Figure 2. Hypothetical mechanism of calcium-dependent gating in BK_Ca channels.

The calcium-induced leftward shift of voltage-dependent gating in BK_Ca channels (A) may occur by a mechanism similar to that described for the activation of Ca²⁺-dependent protein kinases by calcium-CaM (Kemp & Pearson, 1991; Ito et al. 1991; Knighton et al. 1992; Nairn & Picciotto, 1994). In the latter situation, an intrinsic autoregulatory domain interacts with the enzyme's catalytic site, keeping it inactive. In the plant Ca²⁺-dependent protein kinase (B), this inactivation is removed by calcium binding to a CaM-like domain contained within the enzyme's primary structure, thereby allowing substrate and ATP to access the catalytic site. In BK_Ca channels, an analogous regulatory segment (filled triangle) may also exist, that could, for example, constrain movement of the channel's voltage sensor.
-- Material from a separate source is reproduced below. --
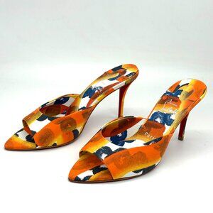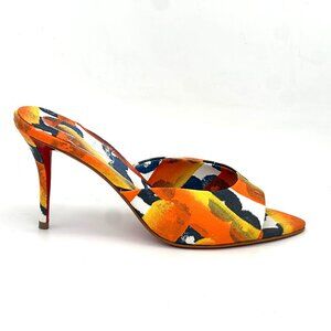 Christian Louboutin MISS Z MULE 80 Printed Toile Sandals Heels Shoes Magma

Binding of calcium to its intrinsic site may then allow interaction of this site with a region of the regulatory segment (open triangle), and thus remove the constraint on the channel's gating mechanism. The intrinsic calcium-binding site of the BK_Ca channel may thus act in a similar fashion to Ca²⁺-CaM in the activation of Ca²⁺-dependent protein kinases.